Industry Leaders Work Together
The supercomputer represents a 60x growth of Taiwan’s computing capability within three years, a huge leap forward compared to its predecessor, TAIWANIA 1.

The seven-month construction of the system was a massive, and massively complex, project. It was supervised by the National Center for High-Performance Computing and the National Applied Research Laboratories under the Ministry of Science and Technology, along with industry leaders Quanta Computer, Asustek Computer and Taiwan Fixed Network, which assisted with computing nodes and storage, cloud service system and information security, respectively.

“Quanta is pleased to contribute our technology and expertise for the best supercomputer that keeps the momentum of strengthening Taiwan’s AI going,” said Barry Lam, founder and chairman of Quanta Computer. “AI is now included in our business operations as well, and we, as a company, are looking forward to how we can benefit from these computing services.”

TAIWANIA 2’s powerful computing performance will be used initially to support government-led projects such as national territory modeling from the Ministry of the Interior, cultural heritage reconstruction from the Ministry of Culture, natural disaster prevention and control from the Ministry of Economic Affairs, and precision medicine from the Ministry of Health and Welfare.

Adoption for various industrial applications such as healthcare, smart cities, smart manufacturing, fintech and more are planned for deployment later.

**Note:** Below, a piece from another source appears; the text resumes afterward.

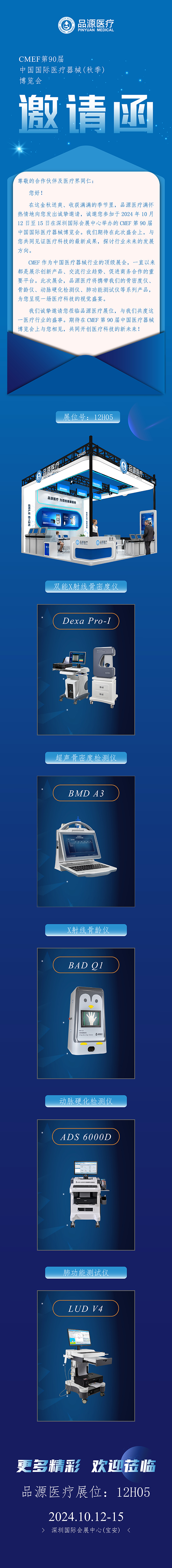 CMEF 作為中國醫療器械行業的頂級展會,一直以來都是展示創新產品、交流行業趨勢、促進商務合作的重要平臺。此次展會,品源醫療將攜帶我們的骨密度儀、骨齡儀、動脈硬化檢測儀、肺功能測試儀等系列產品,為您呈現一場醫療科技的視覺盛宴。我們誠摯邀請您蒞臨品源醫療展位12H05,與我們共度這一醫療行業的盛事。期待在 CMEF 第 90 屆中國醫療器械博覽會上與您相見,共同開創醫療科技的新未來!

NVIDIA Powers HPC Now and Beyond
According to Gartner, enterprises in Asia are deploying AI faster than any other region in the world for services like chatbots, process optimization and fraud and transactional data analysis for the insurance, telecom and retailing industries. These computation-intensive tasks are all GPU accelerated.

To ensure every organization from every domain gets the essential computing capacity needed for their AI and HPC workloads, NVIDIA works with governmental authorities to build up dedicated environments as well as cloud service providers such as Microsoft, Google, IBM and Oracle to make GPU acceleration accessible and scalable.”